Our results showed that bead recovery results for the one-way coupling model were not significantly modified after including the two-way coupling in the model. However, fluid velocity magnitude and vectors slightly varied after including the momentum transfer between the beads and the fluid only when the magnetophoresis is carried out under high magnetic force fields. Nonetheless, the flow field results for scenario 3 were significantly altered for high magnetic force fields, whereas the changes could be considered negligible for low magnetic field conditions.

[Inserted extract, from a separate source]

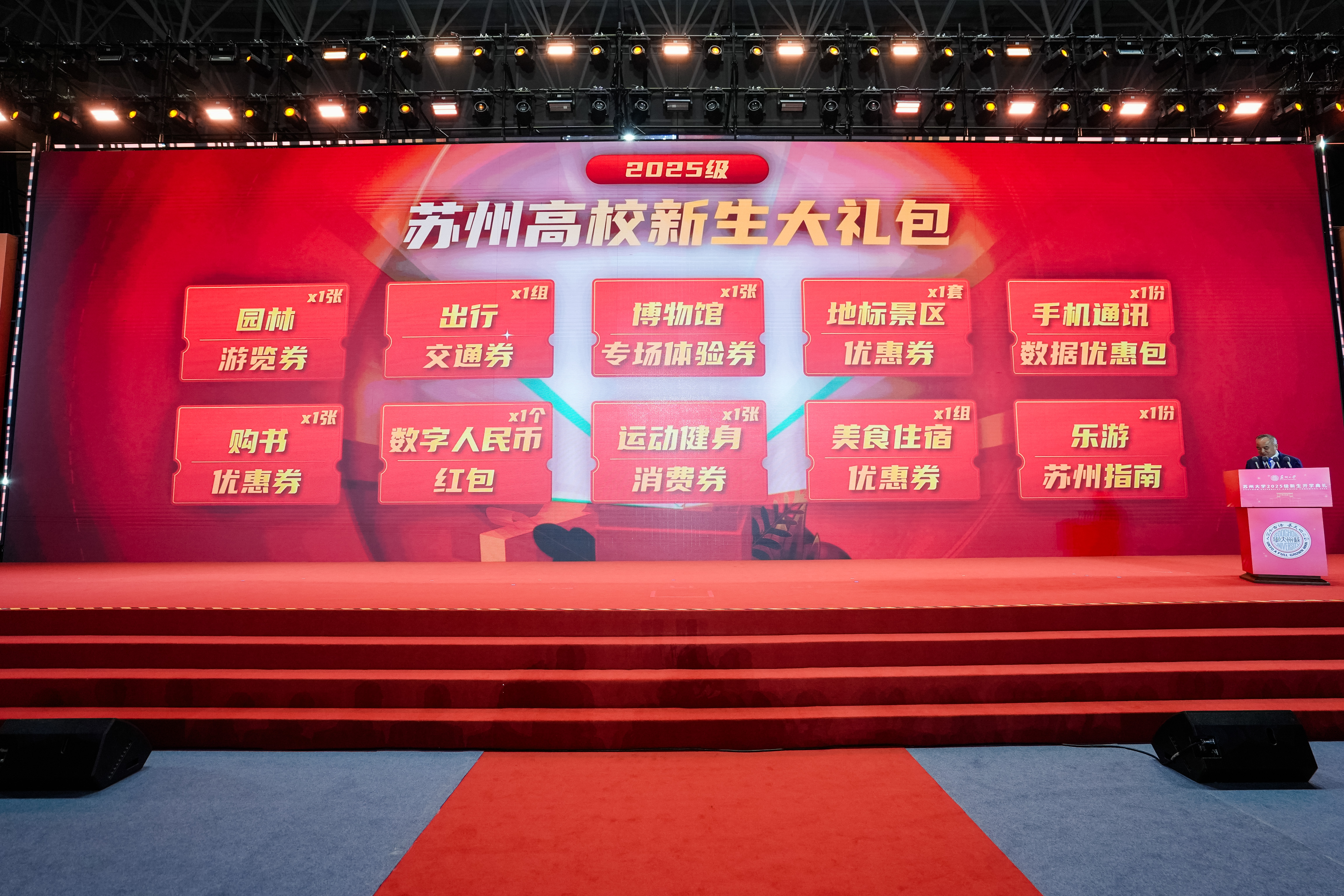 名城育名校,名校润名城。为欢迎2025级新生来到苏州这片热土,苏州市委、市政府特别准备了一份满载心意的“新生礼包”,由市委常委、宣传部部长金洁与校领导共同开启。

Based on these results, we conclude that when relatively high magnetic force fields are applied for the recovery of magnetic beads, an accurate full flow-focused model should be solved since there is a risk of neglecting the effects that the motion and volume of the magnetic beads have on the flow field. However, this model is computationally expensive and takes substantially more time to run (in our case 2–3 weeks on a modern multicore workstation). When medium or low magnetic force fields are employed (in comparison to the average fluidic forces), the bead-fluid interactions could be omitted as they are negligible for these cases. Moreover, since the bead accelerations are not desirable for continuous-flow devices because of the flow alterations, the best alternative is to employ medium to low magnetic forces to carry out the magnetophoresis. And under these desirable circumstances, less accurate, experimentally validated37, and computationally inexpensive models could be employed (either scenarios 1 or 2, which took only a couple of hours to run on a modern multicore workstation).